In [None]:

from src.basic_functions import get_prediction
from transformers import pipeline
from src.utils import save_to_references
from metrics.correctness import correctness
from metrics.consistency import consistency
from metrics.plausibility import plausibility
from metrics.QAG import qag
from metrics.contextual import contextual_faithfulness
from metrics.counterfactual import counterfactual_faithfulness
from metrics.faithfulness import faithfulness
from metrics.trustworthiness import lext

# Target Models and Helper Keys Initialization 

Add the ner-pipe entitiy from huggingface using which you want your explanations will be tagged. 
The below ner_pipe is a medical NER model. Other domain-specific NER models can be appropriately used for evaluating explanations. 

In [2]:
ner_pipe = pipeline("token-classification", model="Clinical-AI-Apollo/Medical-NER", aggregation_strategy='simple')

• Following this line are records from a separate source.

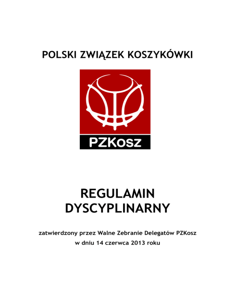 POLSKI ZWIĄZEK KOSZYKÓWKI REGULAMIN DYSCYPLINARNY zatwierdzony przez Walne Zebranie Delegatów PZKosz w dniu 14 czerwca 2013 roku ROZDZIAŁ I POSTANOWIENIA OGÓLNE § 1. 1. Niniejszy Regulamin reguluje zasady orzekania w sprawach dyscyplinarnych, rodzaje zachowań uznawanych za przewinienia dyscyplinarne a także rodzaje i wysokość kar za popełnienie czynów stanowiących przewinienia dyscyplinarne, związane z udziałem osób fizycznych i prawnych we współzawodnictwie sportowym w koszykówce, organizowanym przez Polski Związek Koszykówki (PZKosz) lub na jego zlecenie, na podstawie przepisów ustawy z dnia 25 czerwca 2010 roku o sporcie. 2. Przepisy regulaminu mają zastosowanie do wszystkich klubów, zawodników, trenerów i innych osób reprezentujących kluby sportowe lub zawodników, a także do sędziów, komisarzy i innych osób biorących udział w organizowaniu i prowadzeniu współzawodnictwa w ramach rozgrywek organizowanych przez Polski Związek Koszykówki lub na jego zlecenie. § 2. Na potrzeby niniejszego regulaminu poniższe pojęcia otrzymują następujące znaczenie: 1. klub – osoba prawna prowadząca działalność w zakresie sportu i uczestnicząca lub zamierzająca uczestniczyć we współzawodnictwie sportowym organizowanym przez PZKosz lub na jego zlecenie; 2. zawodnik – osoba fizyczna posiadająca licencję uprawniającą do uczestnictwa we współzawodnictwie sportowym w koszykówce; 2 3. zmiana barw klubowych - transfer zawodnika z jednego klubu do innego klubu niezwiązany z podpisaniem umowy o wypożyczeniu lub umowy szkoleniowej; 4. kontrakt – każda umowa, z której jednoznacznie wynika, że zawodnik lub trener zobowiązuje się do reprezentowania klubu we współzawodnictwie sportowym w koszykówce; 5. licencja klubowa – licencja wydawana klubowi, uprawniająca do udziału we współzawodnictwie sportowym w koszykówce; 6. klubowa licencja okresowa - licencja potwierdzająca uprawnienie klubu do udziału we współzawodnictwie sportowym w danym sezonie i cyklu rozgrywkowym, wydawana przez organizatora rozgrywek; 7. licencja zawodnika obywatelstwo – polskie, licencja wydawana uprawniająca do osobie fizycznej udziału we posiadającej współzawodnictwie sportowym w koszykówce; 8. licencja okresowa – licencja potwierdzająca uprawnienie zawodnika do reprezentowania określonego klubu w danym sezonie i cyklu rozgrywek wydawana przez organizatora rozgrywek; 9. sędzia – osoba fizyczna posiadająca aktualne uprawnienia do wykonywania funkcji sędziego koszykówki, wydane na podstawie przepisów PZKosz; 10. komisarz - osoba fizyczna posiadająca aktualne uprawnienia do wykonywania funkcji komisarza technicznego PZKosz, wydane na podstawie przepisów PZKosz; 11. trener - osoba fizyczna posiadająca licencję trenera wydaną na podstawie przepisów PZKosz; 12. agent – osoba fizyczna działająca w imieniu klubu, zawodnika lub trenera w sprawach dotyczących wzajemnych relacji tych podmiotów; 13. działacz – osoba fizyczna będąca we władzach klubu uczestniczącego we współzawodnictwie sportowym prowadzonym przez organizatora rozgrywek; 14. organizator rozgrywek – Polski Związek Koszykówki lub osoba prawna działająca na jego zlecenie; 15. osoba towarzysząca – osoba fizyczna posiadająca licencję osoby towarzyszącej wydaną przez organizatora rozgrywek; 3 16. dyskwalifikacja – okresowy zakaz uczestnictwa w zawodach w charakterze zawodnika, trenera, osoby towarzyszącej, sędziego wyrażony w liczbie meczów (maksymalnie 12) lub terminie (maksymalnie dożywotni) lub zakaz działalności w koszykówce; 17. rozgrywki młodzieżowe – cykle rozgrywek wymienione w § 4 ust. 1 pkt. 3 i 5 Regulaminu Współzawodnictwa Sportowego PZKosz. § 3. 1. Odpowiedzialności dyscyplinarnej podlega osoba fizyczna lub jednostka organizacyjna, która osobiście lub działając przez upoważnionych przedstawicieli popełnia czyn zabroniony pod groźbą kary dyscyplinarnej przez przepisy niniejszego regulaminu lub doprowadza do powstania skutku, z którym łączy się zagrożenie karą dyscyplinarną, w szczególności zawodnik, trener, osoba towarzysząca, sędzia, komisarz, działacz, agent, a także klub. 2. Odpowiedzialność dyscyplinarną ponoszą wszystkie osoby, o których mowa w ust. 2, jeżeli w czasie popełnienia przewinienia dyscyplinarnego podlegały odpowiedzialności, wynikającej z niniejszego Regulaminu, nawet jeżeli w czasie orzekania podstawa odpowiedzialności ustała. 3. Kara dyscyplinarna może być także orzeczona w przypadku zawinionego naruszenia przepisów prawa powszechnego lub powszechnie uznawanych i stosowanych reguł sportowej rywalizacji. 4. Kara dyscyplinarna może być wymierzona jedynie w przypadku, gdy przepisy niniejszego Regulaminu lub zasady określone przez organizatora rozgrywek wyraźnie wskazują, iż określone zachowania stanowią przewinienie dyscyplinarne i wiążą się z możliwością nałożenia kary dyscyplinarnej. 5. Organy orzekające w sprawach dyscyplinarnych przestrzegają zasady, że kara dyscyplinarna powinna być adekwatna do wagi naruszenia przepisów, za które jest wymierzana oraz do stopnia zawinienia osoby lub osób odpowiedzialnych za naruszenie przepisów. 4 6. Stroną jest każdy, czyjego interesu prawnego lub obowiązku dotyczy postępowanie dyscyplinarne albo kto żąda czynności organu dyscyplinarnego ze względu na swój interes prawny lub obowiązek. 7. Stronami mogą być osoby fizyczne i osoby prawne, w tym w szczególności kluby i organizatorzy rozgrywek w koszykówce. 8. Korespondencja w sprawie postępowania dyscyplinarnego oraz orzeczenia są doręczane stronom za pomocą dokumentów skanowanych i wysyłanych pocztą elektroniczną. W przypadku osób fizycznych posiadających licencje okresowe wydane przez PZKosz i podmioty prowadzące rozgrywki na jego zlecenie, korespondencja doręczana jest na adres e-mail klubu podany w oficjalnym zgłoszeniu do rozgrywek w
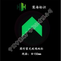 站厅疏散指示安装在地铁站厅的地面通道处,从屏蔽门到楼梯出口都必须安装,不能间断。不锈钢站厅疏散指示箭头的厚度一般都在是用的2mm,有些城市用的是3mm厚度。但是目前城市中用的较多的是一种圆形蓄光玻璃指示标识,采用钢圈外径150mm,底座直径142mmc尺寸。
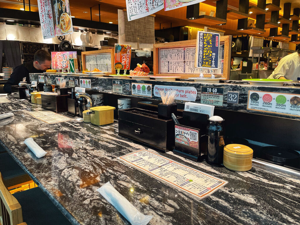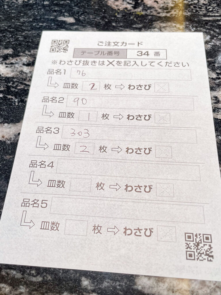 雖然根室花丸是迴轉壽司,但是大多數還是依賴寫單點餐,轉檯上的壽司品項並不多。各項壽司價位大多落在165-528日幣不等,特別的食材可能會比較貴一些,有時候師傅會出一些特別餐,如果你有興趣的話就要趕快舉手說你也要。
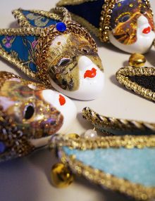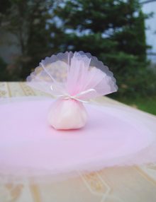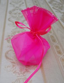 Pahare miri decorate cu fundita si trandafiri din satin mov
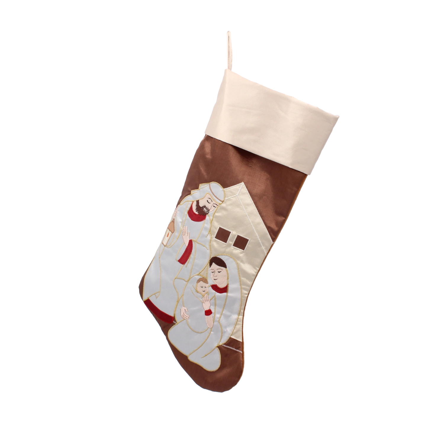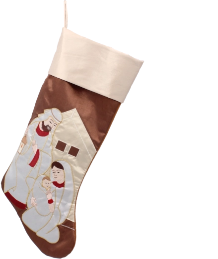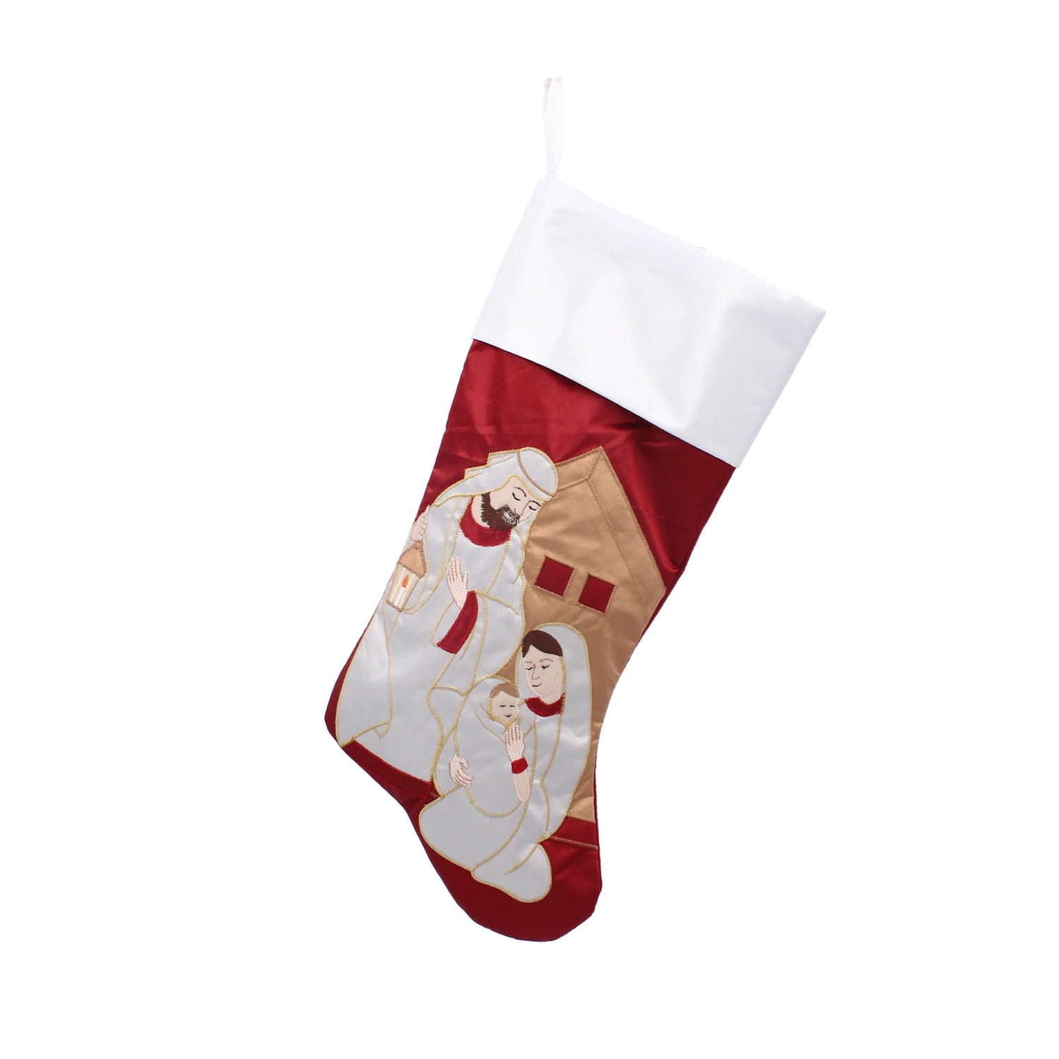 Detalicza aplikacja Świętej Rodziny w scenerii stajenki nadaje skarpecie tradycyjny wygląd i staje się dominantą Twojej świątecznej dekoracji.

This evaluation uses groq API for accessing bigger models like llama3-70b. Create an API key from Groq and replace it in the placeholder below. You can also replace the bigger model by going to [src/basic_functions.py](src/basic_functions.py) and replacing it with any othe model from groq

In [None]:
groq_api= "your-groq-api"
model ="target-model"

Fill in the question and context, along with the ground label and explanation for computing the LeXT Score

In [4]:
question = "I have a fever, should I take a paracetamol. Yes/No?"
context= None 
ground_label= "Yes"
ground_explanation= "Paracetamol is the recommended and is effective for reduction of fever in adults and children. However it is always recommended to consult with a healthcare professional before taking any medication. "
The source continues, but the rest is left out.